Why so serious?

Discussion in 'RPG Discussion' started by kveldulf, Nov 3, 2009.

  1. kveldulf

    kveldulf Chevalier

    (many thanks to the Joker for the handy quote)

    About a week ago, I ran a solo game for a friend of mine using the AD&D 2e rules after going back and forth between using AD&D 1e and 2e. Anyway.. while I was debating between editions and glancing between rulebooks something struck me. AD&D 1e materials (to include the DMG) included among their illustrations a few cartoons. Book 2 of the OD&D booklets did as well.

    AD&D 2e did away with all non serious illustrations (and frankly, the art was pretty unimpressive - but I digress). With 3.x, all the illos went for the "Look, I am a brooding antihero because my armor is all oversized and spiky, feel my angst" design asthetic. I can't comment on 4e since I refuse to even look upon it.

    The reason I bring this up is the earlier editions of the game took a middle of the road approach with tone. Not that they advocated running D&D / AD&D like Toon, but they weren't embarassed to throw some humor in the mix when it came to illustrations. While gaming humor has continued unabated (Knights of the Dinner Table and Order of the Stick are personal faves), it's kept away from rulebooks in its own little niche.
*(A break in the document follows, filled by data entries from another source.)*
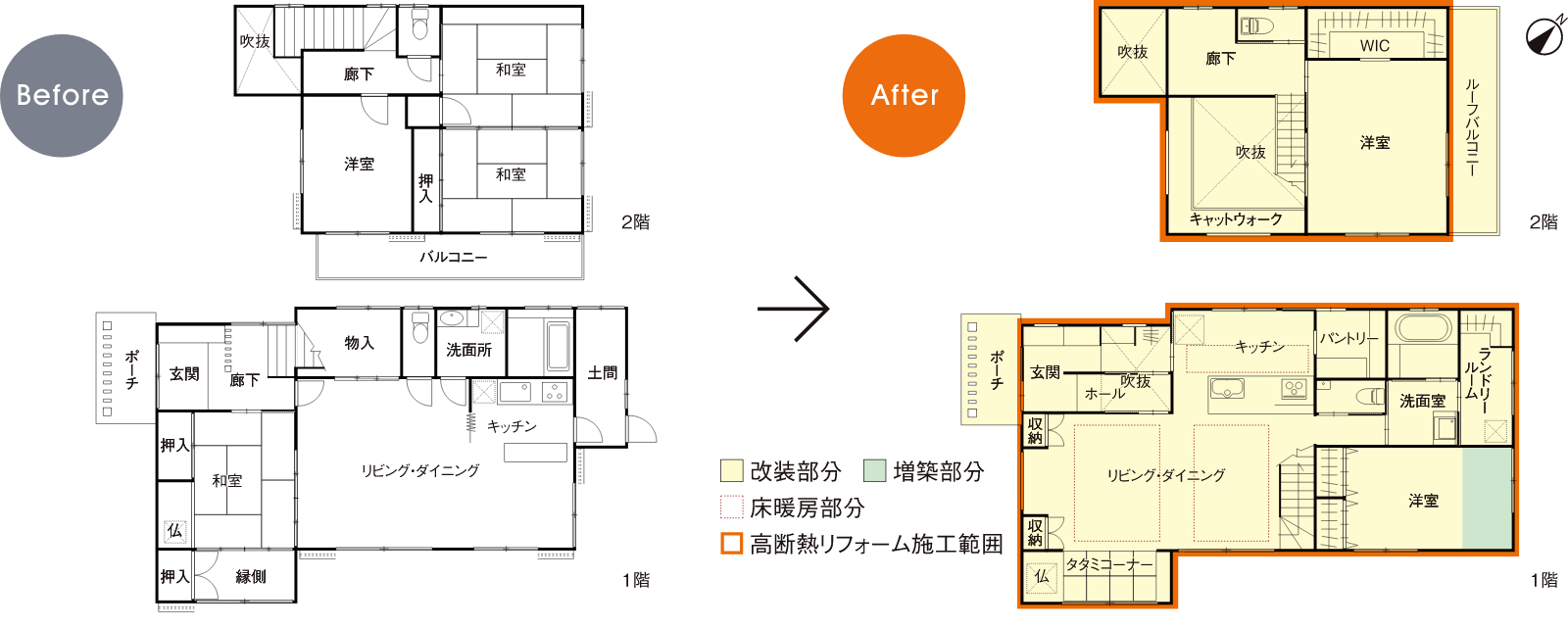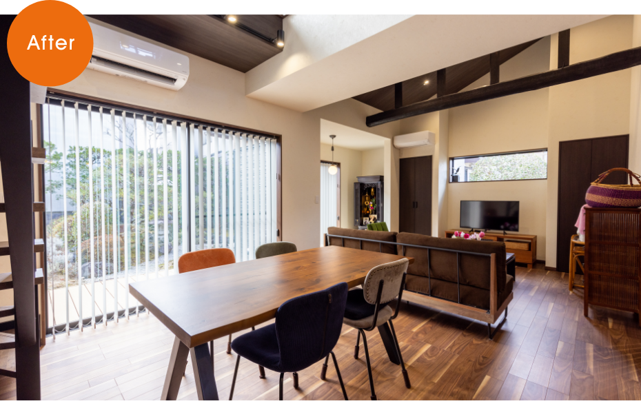 天井が低く圧迫感を感じていたことから、吹き抜けを施し窓を多く配した明るく開放的なLDKに。冬場の寒さを改善したいとのご要望には「高断熱リフォームプラン」を採用。壁・床・天井に断熱材を充填し、サッシは気密断熱性能の高い製品に一新。
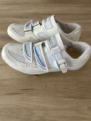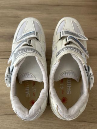 Zapatillas de ciclismo de carretera Shimano en color blanco. Cierre con velcro y hebilla. - Marca: Shimano - Color: Blanco - Cierre: Velcro y hebilla
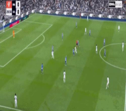 第8分鐘,姆巴佩左路內(nèi)切沒(méi)有起腳機(jī)會(huì),隨后勉強(qiáng)橫傳,貝林厄姆晃開角度起腳勁射,擊中阿拉維斯后衛(wèi)產(chǎn)生折射偏出。
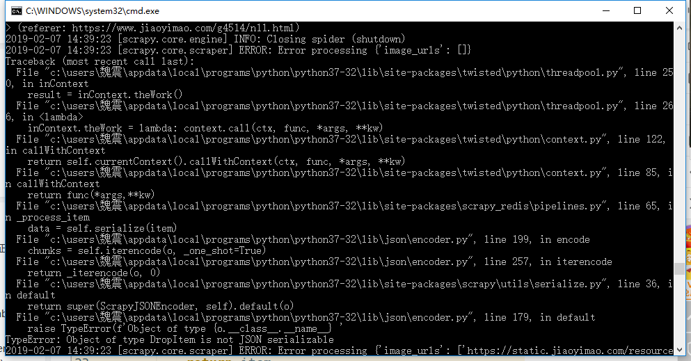 看到提示可以大致了解到是因为DropItem对象无法序列化存入数据库引起的。因为在python中,各个对象其实都是由类生成的实例,但是数据库中是无法存储这种实例的,因此我们需要对其进行序列化,当我们需要这些数据时再从数据库中取出进行反序列化形成对象。但不是所有的数据都能进行序列化的,比如这里的DropItem对象,因为DropItem对象本来就是需要被过滤的,因此我们只需在较高优先级的ItemPipeline中raise掉它们即可。
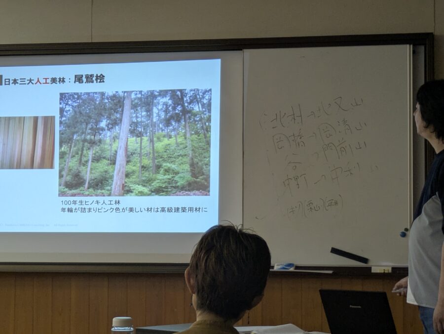 そこから、世界の森林事情、森林・林業基本法における林野庁の意義、森林の多面的機能、林業の市場規模などなど、まずは森林林業の全体概要を解説したうえで、三大美林をはじめとした日本のさまざまな林業を、私たちが携わってきた事例とともにご紹介しました。
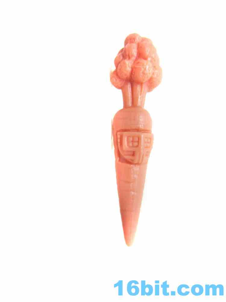 The joke is on you with Bionic Carrot, "The SixDollar Produce Man. The original toy was essentially a Little People body with some tech glued on it and a green stem out top. The mini-figure is a full carrot based on that premise, meaning it can't stand since it has no feet or other flat element. It just lays there, and makes you sad you can't do anything with it other than use it as an accessory with other, bigger figures. The sculpting is good - it's just not a lot you can enjoy beyond letting it flop on a lat surface.
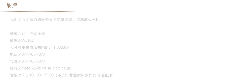 邮编 879-5102 大分县由布市汤布院町川上3083番1 电话・传真0977-85-4890

    My point? Somewhere around AD&D 2e gaming started to take itself seriously, perhaps because the first generation of young gamers was graduating from school. The "follow the storyline", "adventure plotted like a novel" adventure style became increasingly entrenched and along with this narrative-heavy play style came an "everything must be brooding and serious" artistic bias.

    With all the debate about "old school" versus "new school", storytelling versus sandbox adventure design, perhaps the question is simpler. Maybe it all boils down to "old schoolers" preferring a game that still had a sense of humor.

    Andy
     
  2. Emperor Xan

    Emperor Xan Troubadour

    I have to disagree with this. The basis of comedy and drama are the same. What makes them different is that comedy presents a gap between how one (or more) character(s) perceives the world in relation to everyone else in the story. Granted, there was a maturation in the audience as well as an increased sophistication in storytelling in RPGs, but that does not necessarily translate into an inherent gravitas in any given campaign. Where the emphasis needs to be directed may not be where it is going. Players should learn how to tell a story, but knowing how to structure a tale with a serious intent to stay true to the form or throughline is a different matter altogether.
     
  3. chgowiz

    chgowiz Footpad

    The basis for comedy may be in the later versions (although we'll probably differ on what the comedy is about...) the OP is correct - 1974 OD&D and 1980s AD&D had a sense of whimsey and humor is that is lacking in the 2E and beyond core books. That does send a message.
     
  4. geekpreacher

    geekpreacher Spellbinder

    Of course this is why some people really like the new version of Hackmaster, it has the sense of humor combined with a fairly serious rule set. I couldn't abide playing a game where some jokes aren't cracked around the table and there is a bit of humor involved.
     
  5. Emperor Xan

    Emperor Xan Troubadour

    Most of my campaigns, regardless of the genre, end up with a giant rock falling from the sky and killing everyone at least once. Sometimes it happens three or more times a game. In a sci-fi setting, I might change it up and make it a black hole that swallows the universe. I can't imagine the number of times the world has been sucked into a singularity or crushed under a universe-sized rock without anyone else realizing it. Mind you, these have at times been during extremely serious storylines.
     
  6. kveldulf

    kveldulf Chevalier

    Actually, I didn't mean the content of campaigns so much as the rules tone being adjusted to fit the perceived market.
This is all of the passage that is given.